=== Study material ===
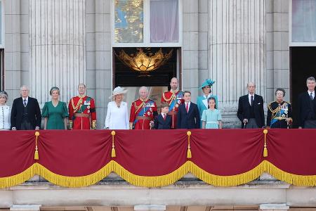Ebenfalls auf dem Balkon zu sehen waren der Herzog und die Herzogin von Edinburgh, Prinz Edward und Sophie. Sophie entschied sich für ein dunkelgrünes Ensemble. Zudem zeigten sich Prinzessin Anne mit Ehemann Sir Timothy Laurence, der Herzog von Gloucester mit seiner Frau sowie Prinz Michael von Kent.
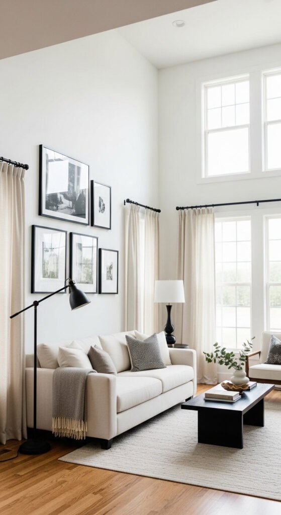 The balance rule: For every black element you add, ensure a warm, natural material is visible in the same eyeline — a black curtain rod with warm linen panels, a black coffee table with a natural wood tray on top, a black gallery wall above a camel linen sofa.
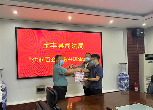 为深入推进“万人助万企”活动,营造良好的法治化营商环境,9月23日上午,宝丰县司法局高级法律专务高凯乐、二级主任科员杨勇一行带领县企业法治服务团队,深入华体会网页版-华体会(中国),,开展“法治体检”及“法润百企”送书活动,帮助企业“把脉问诊”,提升企业的法律风险意识和防范水平。集团副总裁兼行政部部长张怀点、法务部部长王延玫给予了热情接待。
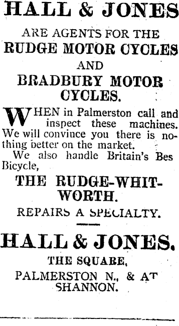 HALL & JONES ARE AGENTS FOR THE RUDGB MOTOR CYCLES AND BRADBURY MOTOR CYCLES. WHEN in Palmerston call and inspect these machines. We will convince you there is nothing better on the market. r We also handle Britain’s Bes Bicycle, THE RUDGE-WHIT-WORTH. REPAIRS A SPECIALTY. HALL & JONES, THE SQUARE. PALMERSTON N., & AT SHANNON. ,
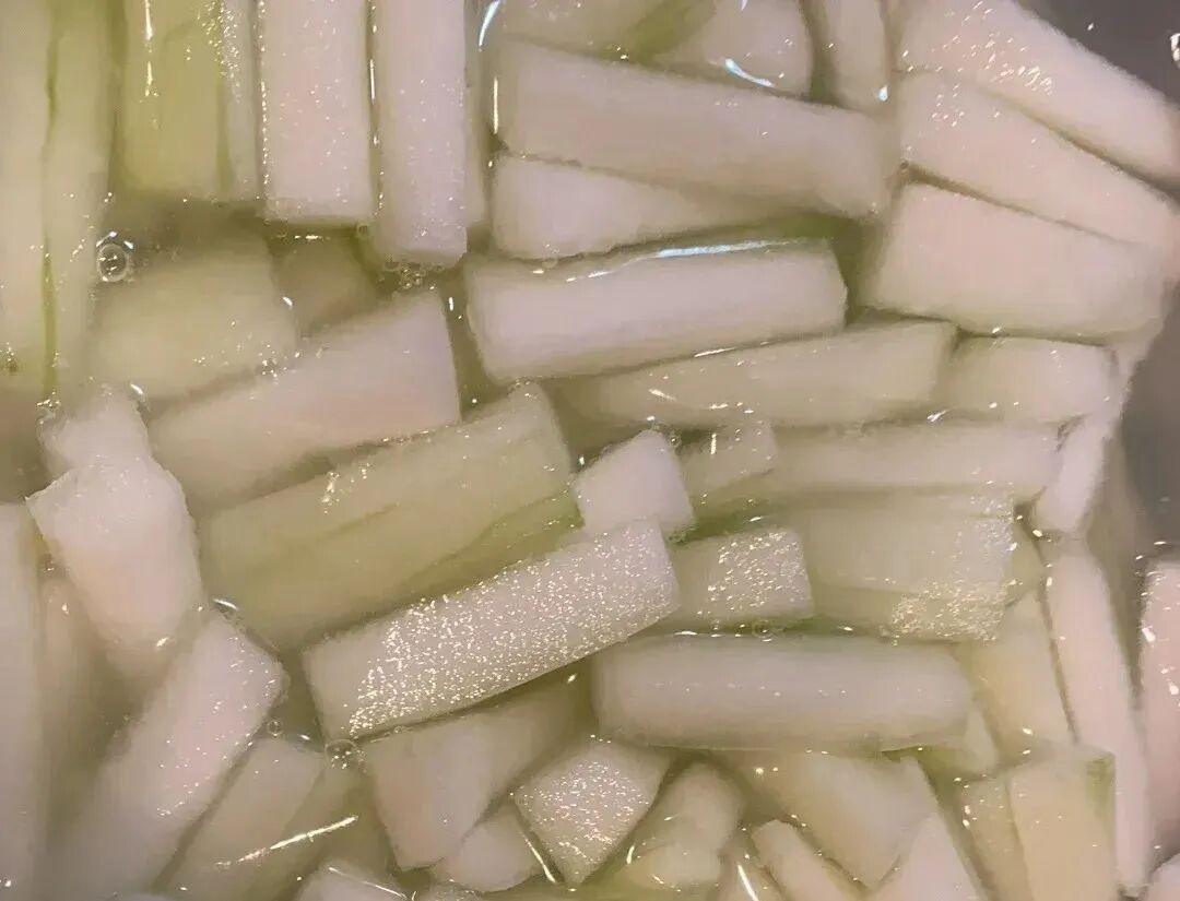 1.冬瓜洗净切成条,要切短,一厘米左右的厚度。切好放在石灰水浸泡一夜,浸泡后再用清水多次清洗,直至没有味道;
===
▶ [What you are asked to do] Do not include images; quote all of the entries above exactly.

▶ [Solution for this task]
Ebenfalls auf dem Balkon zu sehen waren der Herzog und die Herzogin von Edinburgh, Prinz Edward und Sophie. Sophie entschied sich für ein dunkelgrünes Ensemble. Zudem zeigten sich Prinzessin Anne mit Ehemann Sir Timothy Laurence, der Herzog von Gloucester mit seiner Frau sowie Prinz Michael von Kent.
 The balance rule: For every black element you add, ensure a warm, natural material is visible in the same eyeline — a black curtain rod with warm linen panels, a black coffee table with a natural wood tray on top, a black gallery wall above a camel linen sofa.
 为深入推进“万人助万企”活动,营造良好的法治化营商环境,9月23日上午,宝丰县司法局高级法律专务高凯乐、二级主任科员杨勇一行带领县企业法治服务团队,深入华体会网页版-华体会(中国),,开展“法治体检”及“法润百企”送书活动,帮助企业“把脉问诊”,提升企业的法律风险意识和防范水平。集团副总裁兼行政部部长张怀点、法务部部长王延玫给予了热情接待。
 HALL & JONES ARE AGENTS FOR THE RUDGB MOTOR CYCLES AND BRADBURY MOTOR CYCLES. WHEN in Palmerston call and inspect these machines. We will convince you there is nothing better on the market. r We also handle Britain’s Bes Bicycle, THE RUDGE-WHIT-WORTH. REPAIRS A SPECIALTY. HALL & JONES, THE SQUARE. PALMERSTON N., & AT SHANNON. ,
 1.冬瓜洗净切成条,要切短,一厘米左右的厚度。切好放在石灰水浸泡一夜,浸泡后再用清水多次清洗,直至没有味道;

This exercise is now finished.